Extracted data entries:
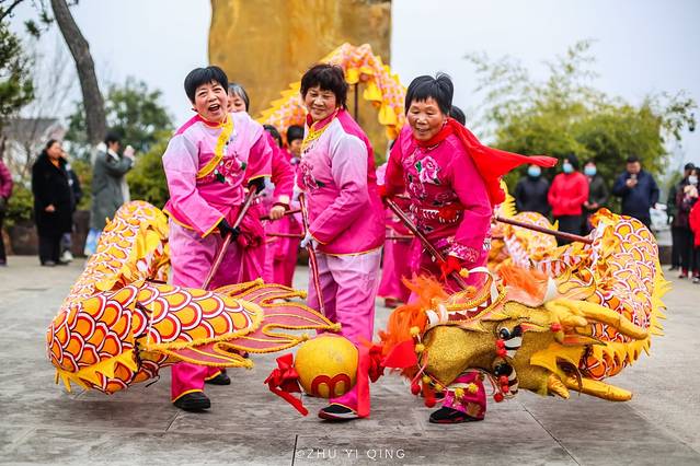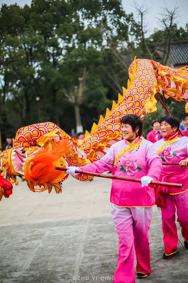 热闹的舞龙表演在穹窿山北门山门口进行,定睛一看都是阿姨妈妈们,果然巾帼不让须眉。
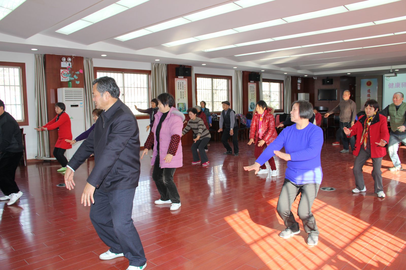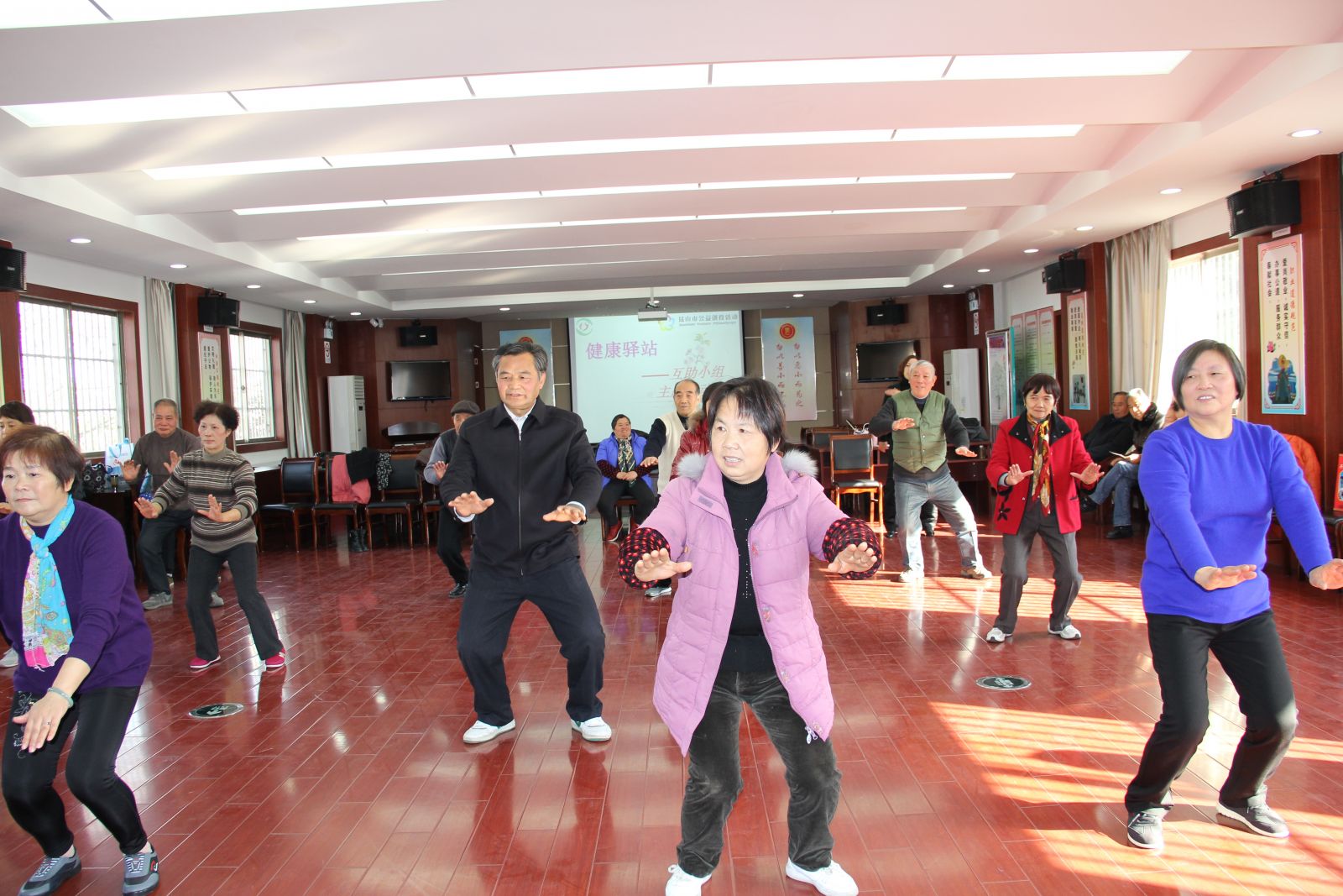考虑到服务对象们的身体状况,我们安排了动作舒缓、具有养生效果的太极拳教学,邀请了社区太极拳队张队长为大家进行指导。张队长首先对太极拳做了简单的介绍,随后为大家表演了《二十四式太极拳》,一套拳打下来犹如行云流水。看完张队长的展示,大家脸上都露出羡慕的眼神。“我早就想学太极拳了,这下有机会跟着老师好好学了。”何美玲阿姨说。刚开始学习时,有些服务对象的动作不协调,做出来的样子很逗趣,引得大家哈哈大笑。活动在欢乐而融洽的气氛中结束。大家学习得很认真,经过一个多小时的学习,学会了起势、左右野马分鬓、白鹤亮翅三节动作。
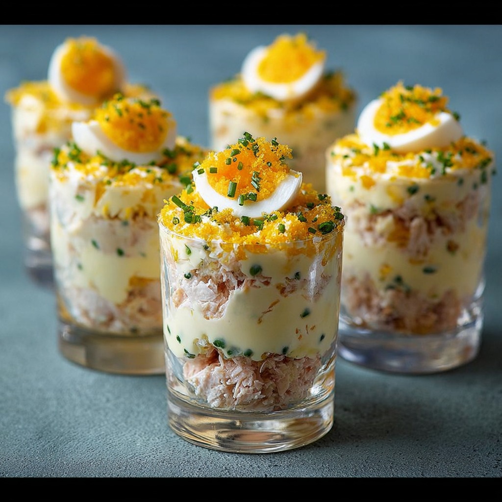 Servies en verrines ces bouchées permettent une dégustation équilibrée où chaque couche apporte une sensation différente. Le thon apporte une base douce et légèrement iodée les œufs mimosa offrent une texture fondante et gourmande tandis que la mayonnaise assure le liant et la rondeur de l’ensemble. Cette entrée séduit par sa simplicité maîtrisée et sa rapidité d’exécution.
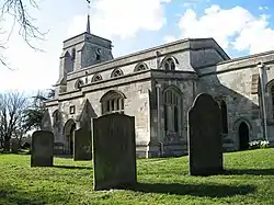 The church was completely reconstructed in the 15th century though the core is 13th-century. The west tower is modern. The arcades of the nave are magnificent; the north arcade is considerably more ornate than the south arcade. The font is of the 13th century. The east window of the south aisle has a central niche and brackets at the sides for sculpted figures.[2]
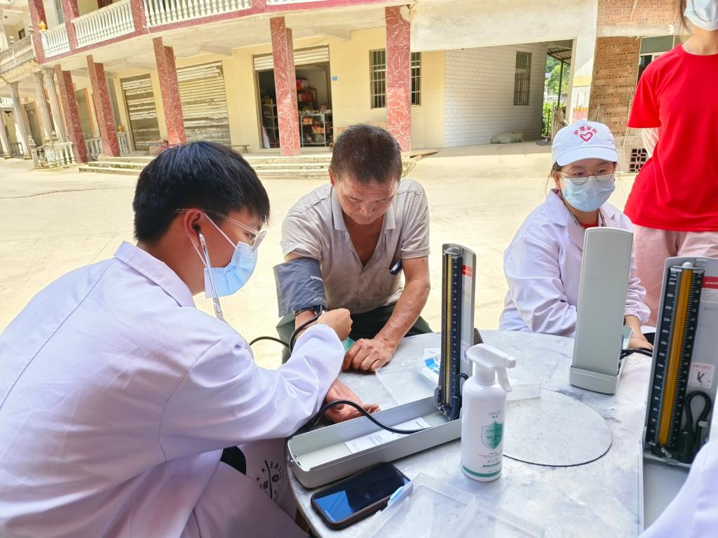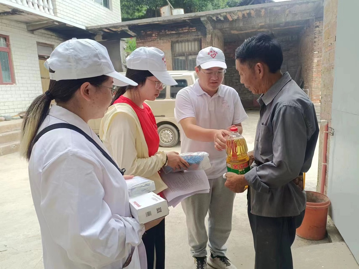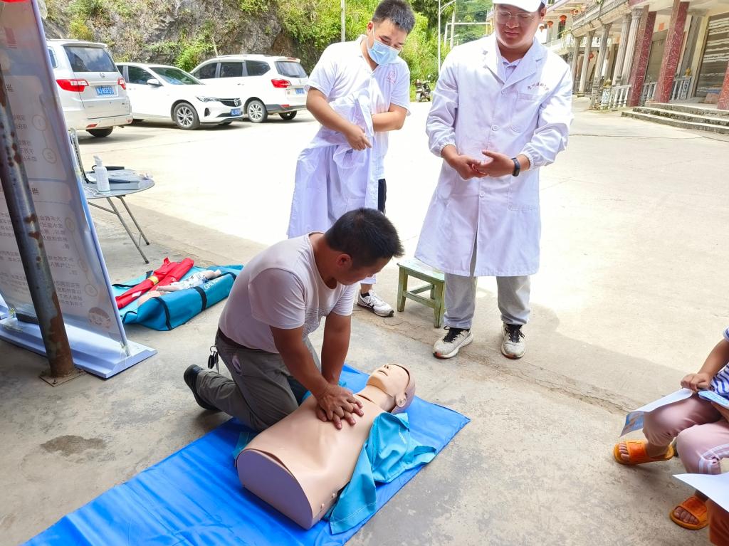 活动过程中,志愿队分为三组前往10位孤寡老人家中进行了慰问,队员们给孤寡老人送去了爱心物资和温暖的问候,并为老人测量血压,进行了用药指导;接着,志愿者们在村里开展了健康义诊、关爱留守儿童、急救知识培训和溺水宣讲,通过一系列急救知识的讲解提高了村民们的急救技能,志愿者耐心的陪伴留守儿童,让他们感受到了来自贵医学子的关怀和温暖。
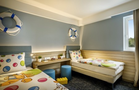 Girandella Maro Suites: a total of 149 suites, modern, stylish and exclusively furnished with air conditioning, 2x LCD satellite TV, safe, mini-fridge, telephone, kettle for tea and coffee, WiFi internet (free of charge), changing table, bathroom with bath and shower, separate WC and balcony. All suites are equipped with safety sockets and baby monitors. These accommodation units can only be booked with at least 1 child.
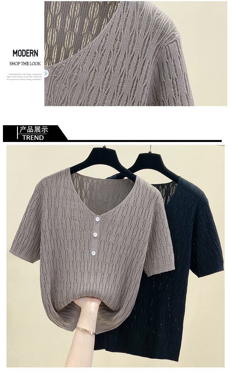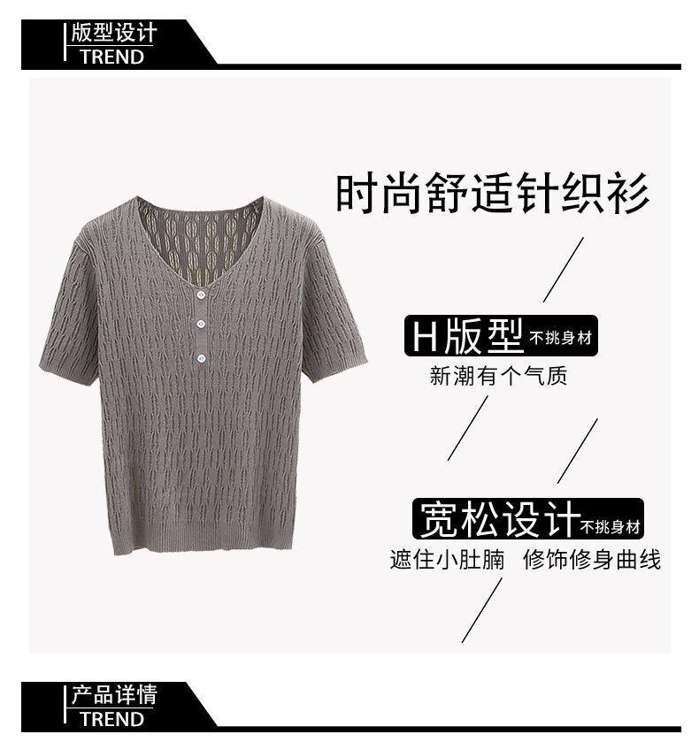 プラスサイズの婦人服 2023 夏の新しいファット シスター オールマッチ シックなニッチは肉をカバーし、薄い無地の気質に見えます Tシャツ 大きめサイズ サマー 夏物 ソリッドカラー 8884177495015773

DIRECTIONS FOR THIS TASK: The reply should hold every line of the records unchanged and no pictures.

FINAL ANSWER:
 热闹的舞龙表演在穹窿山北门山门口进行,定睛一看都是阿姨妈妈们,果然巾帼不让须眉。
考虑到服务对象们的身体状况,我们安排了动作舒缓、具有养生效果的太极拳教学,邀请了社区太极拳队张队长为大家进行指导。张队长首先对太极拳做了简单的介绍,随后为大家表演了《二十四式太极拳》,一套拳打下来犹如行云流水。看完张队长的展示,大家脸上都露出羡慕的眼神。“我早就想学太极拳了,这下有机会跟着老师好好学了。”何美玲阿姨说。刚开始学习时,有些服务对象的动作不协调,做出来的样子很逗趣,引得大家哈哈大笑。活动在欢乐而融洽的气氛中结束。大家学习得很认真,经过一个多小时的学习,学会了起势、左右野马分鬓、白鹤亮翅三节动作。
 Servies en verrines ces bouchées permettent une dégustation équilibrée où chaque couche apporte une sensation différente. Le thon apporte une base douce et légèrement iodée les œufs mimosa offrent une texture fondante et gourmande tandis que la mayonnaise assure le liant et la rondeur de l’ensemble. Cette entrée séduit par sa simplicité maîtrisée et sa rapidité d’exécution.
 The church was completely reconstructed in the 15th century though the core is 13th-century. The west tower is modern. The arcades of the nave are magnificent; the north arcade is considerably more ornate than the south arcade. The font is of the 13th century. The east window of the south aisle has a central niche and brackets at the sides for sculpted figures.[2]
 活动过程中,志愿队分为三组前往10位孤寡老人家中进行了慰问,队员们给孤寡老人送去了爱心物资和温暖的问候,并为老人测量血压,进行了用药指导;接着,志愿者们在村里开展了健康义诊、关爱留守儿童、急救知识培训和溺水宣讲,通过一系列急救知识的讲解提高了村民们的急救技能,志愿者耐心的陪伴留守儿童,让他们感受到了来自贵医学子的关怀和温暖。
 Girandella Maro Suites: a total of 149 suites, modern, stylish and exclusively furnished with air conditioning, 2x LCD satellite TV, safe, mini-fridge, telephone, kettle for tea and coffee, WiFi internet (free of charge), changing table, bathroom with bath and shower, separate WC and balcony. All suites are equipped with safety sockets and baby monitors. These accommodation units can only be booked with at least 1 child.
 プラスサイズの婦人服 2023 夏の新しいファット シスター オールマッチ シックなニッチは肉をカバーし、薄い無地の気質に見えます Tシャツ 大きめサイズ サマー 夏物 ソリッドカラー 8884177495015773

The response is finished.